((
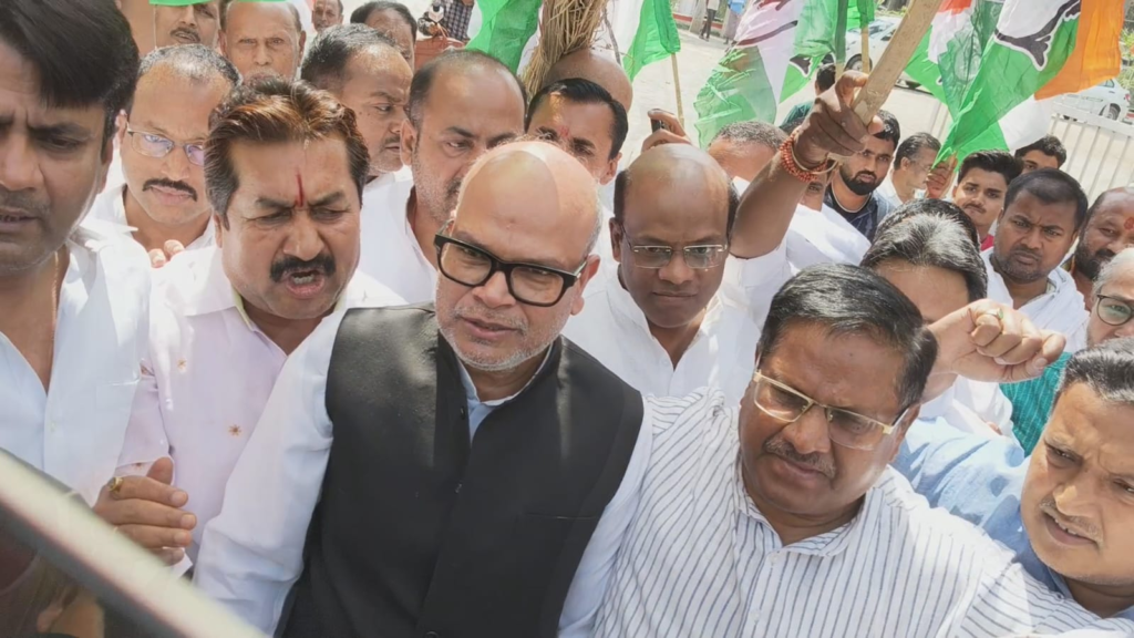 इस दौरान “वोट चोर, विधायक चोर” और “विधायक चोरी बंद करो” जैसे नारे लगाए गए। प्रदर्शन में प्रदेश कांग्रेस अध्यक्ष राजेश राम भी मौजूद रहे, जिन्होंने आरोप लगाया कि विधायकों पर दबाव बनाया जा रहा है।
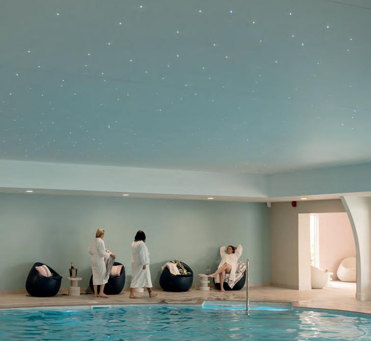 Conceived as a twentyfirst-century retreat, it is where contemporary aspirations are made manifest. Boasting 96 modern, light-filled rooms, each thoughtfully designed, much is made of its Cornish setting, from the deep, sumptuous beds draped in crisp white linen to the invigorating power showers. Every detail is tailored to provide the ultimate in comfort and relaxation. For those seeking something extra special, four luxury spa garden lodges are available, each a peaceful hideaway adorned in soft, coastal-inspired hues, perfect for unwinding in style. Family
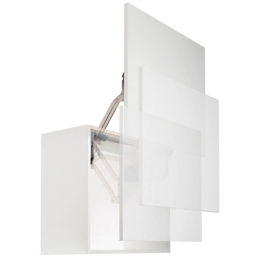 Механизм подъемников FREE slide обладает плавным и бесшумным открыванием и закрыванием, а также возможностью остановки фасада в любом положении по всей траектории движения.
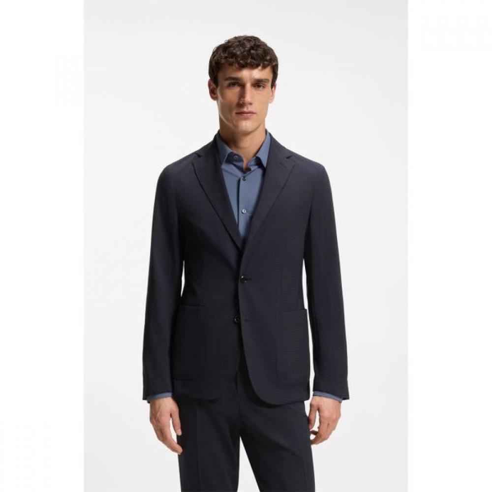 The Slim Fit Washable Wool Blend Packable Blazer comes in a Dark Blue color and is made from soft and lightweight wool blend material. It is particularly wrinkle-resistant and easy to maintain, making it convenient for trips and travel. This blazer can be worn on both formal and casual occasions, allowing for various style matchings.
))
WHAT THE TASK ASKS
Repeat the data exactly. No pictures should appear.

WORKED SOLUTION
 इस दौरान “वोट चोर, विधायक चोर” और “विधायक चोरी बंद करो” जैसे नारे लगाए गए। प्रदर्शन में प्रदेश कांग्रेस अध्यक्ष राजेश राम भी मौजूद रहे, जिन्होंने आरोप लगाया कि विधायकों पर दबाव बनाया जा रहा है।
 Conceived as a twentyfirst-century retreat, it is where contemporary aspirations are made manifest. Boasting 96 modern, light-filled rooms, each thoughtfully designed, much is made of its Cornish setting, from the deep, sumptuous beds draped in crisp white linen to the invigorating power showers. Every detail is tailored to provide the ultimate in comfort and relaxation. For those seeking something extra special, four luxury spa garden lodges are available, each a peaceful hideaway adorned in soft, coastal-inspired hues, perfect for unwinding in style. Family
 Механизм подъемников FREE slide обладает плавным и бесшумным открыванием и закрыванием, а также возможностью остановки фасада в любом положении по всей траектории движения.
 The Slim Fit Washable Wool Blend Packable Blazer comes in a Dark Blue color and is made from soft and lightweight wool blend material. It is particularly wrinkle-resistant and easy to maintain, making it convenient for trips and travel. This blazer can be worn on both formal and casual occasions, allowing for various style matchings.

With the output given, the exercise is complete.